WHAT IS EXPECTED: What are the lines below, starting at the line containing "사용할 수 있다는 뜻이다." and ending at the line containing "Trực tiếp Kết"? Write them out exactly, ends included, without pictures.

TASK MATERIAL:
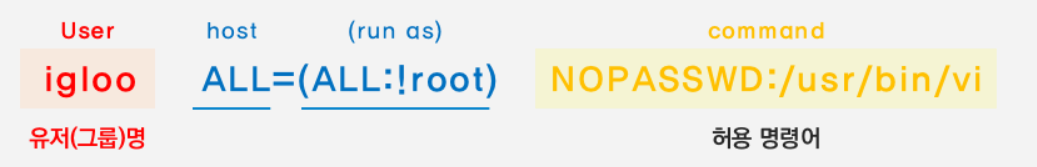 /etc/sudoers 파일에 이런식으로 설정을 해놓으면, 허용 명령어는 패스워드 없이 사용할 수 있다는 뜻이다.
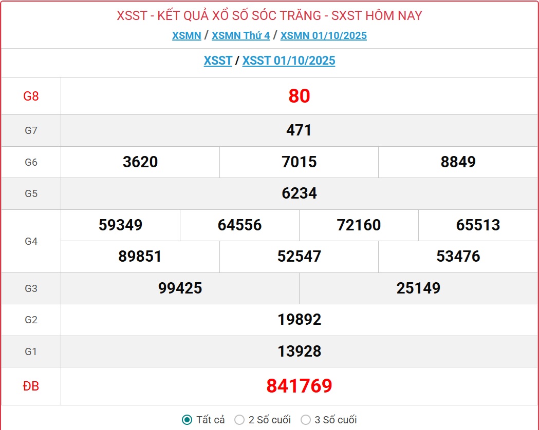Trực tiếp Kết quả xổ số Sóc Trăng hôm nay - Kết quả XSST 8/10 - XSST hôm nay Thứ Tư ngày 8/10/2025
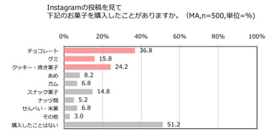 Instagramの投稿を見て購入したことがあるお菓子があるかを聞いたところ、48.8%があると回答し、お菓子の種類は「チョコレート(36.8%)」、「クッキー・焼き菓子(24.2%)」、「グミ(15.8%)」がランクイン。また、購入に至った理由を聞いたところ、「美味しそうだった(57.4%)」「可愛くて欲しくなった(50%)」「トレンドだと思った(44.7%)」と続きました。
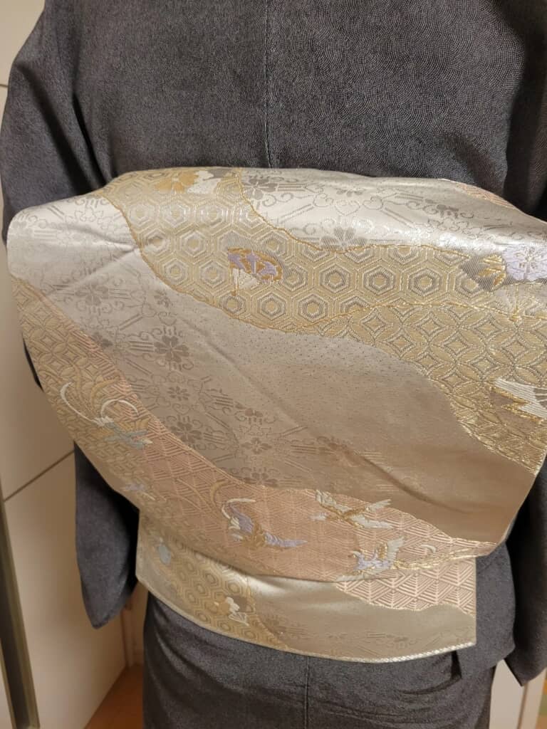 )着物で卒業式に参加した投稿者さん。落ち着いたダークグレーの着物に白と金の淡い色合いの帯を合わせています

* * *

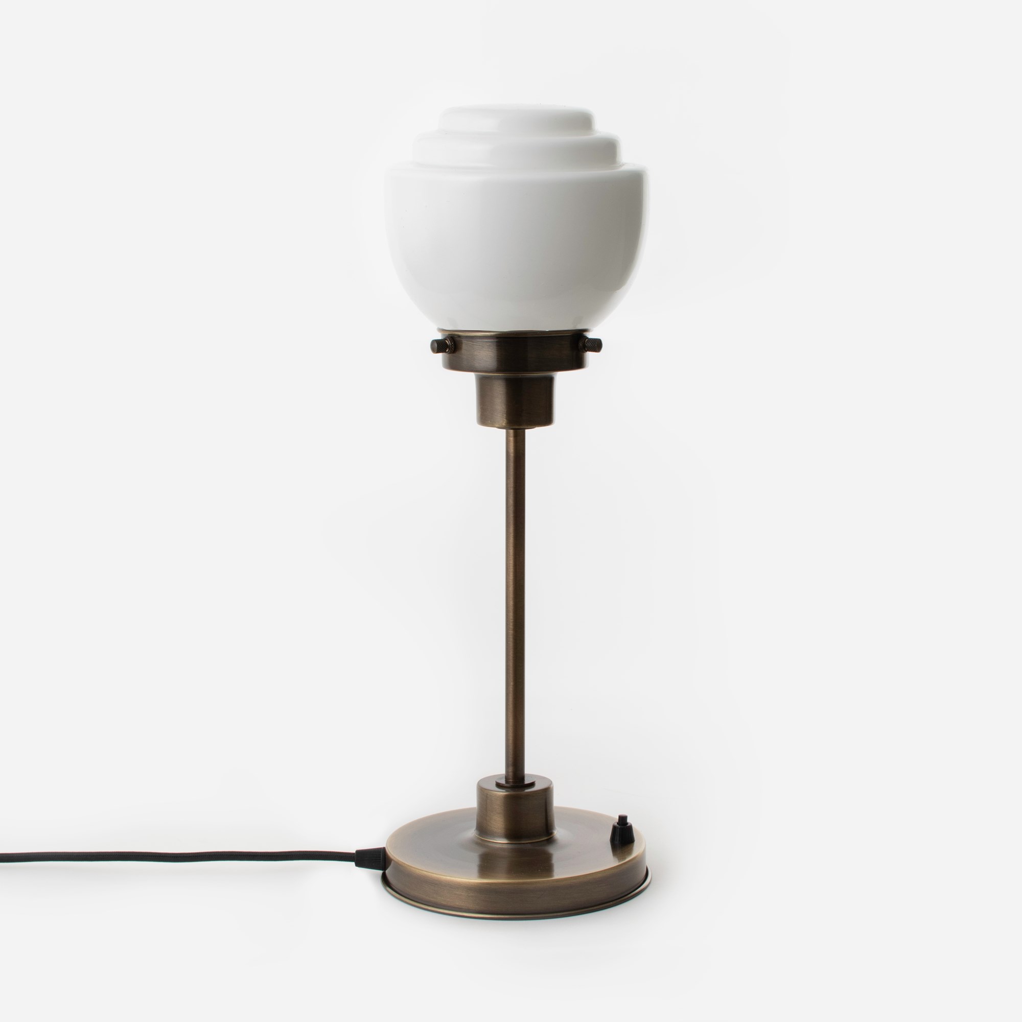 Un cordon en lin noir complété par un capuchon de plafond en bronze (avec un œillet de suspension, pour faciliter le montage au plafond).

WRITTEN SOLUTION:
 /etc/sudoers 파일에 이런식으로 설정을 해놓으면, 허용 명령어는 패스워드 없이 사용할 수 있다는 뜻이다.
Trực tiếp Kết quả xổ số Sóc Trăng hôm nay - Kết quả XSST 8/10 - XSST hôm nay Thứ Tư ngày 8/10/2025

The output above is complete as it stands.